Apixaban users had a significantly lower all-cause mortality rate compared with no anticoagulation (HR, 0.58; 95% CI, 0.43-0.78) and a significantly lower rate of the composite outcome of all-cause mortality or stroke/SE (HR, 0.56; 95% CI, 0.41-0.76).20 However, apixaban users had a significantly higher rate of fatal/intracranial bleeding compared with no anticoagulation (HR, 5.1; P <.001), and this rate was significantly higher when comparing the apixaban dose of 5 mg twice daily compared with no anticoagulation (HR, 4.61; 95% CI, 1.91-11.15). Compared with no anticoagulation, apixaban users who were given 5 mg twice daily also had a significantly higher rate of the primary outcome and hemorrhagic stroke. Given that apixaban users had significantly higher rates of bleeding without a reduction in stroke/SE, the net benefit of anticoagulation in dialysis patients is questionable.

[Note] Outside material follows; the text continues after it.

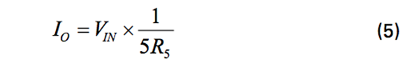 在公式1中,負載電阻影響輸出電流,但如果我們設(shè)置R1 = R3 和R2+ R5 = R4,則方程簡化為:

Furthermore, the rate of clinically important bleeding was not significantly different between apixaban users and those without anticoagulation (59.2 vs. 56.9 per 100 patient-years; HR, 1.15; P = .26), showing that patients in this population likely have a higher baseline risk of bleeding even without anticoagulation.20 The lower mortality rates reported in this study, despite propensity-score matching, may be attributed to patients on anticoagulation being potentially healthier at baseline compared with patients for whom anticoagulation was deferred; all differences in variables may not have been accounted for, and residual confounding may have persisted. Lastly, there was lack of data on body weight, and thus, appropriateness of the apixaban dose was unable to be assessed.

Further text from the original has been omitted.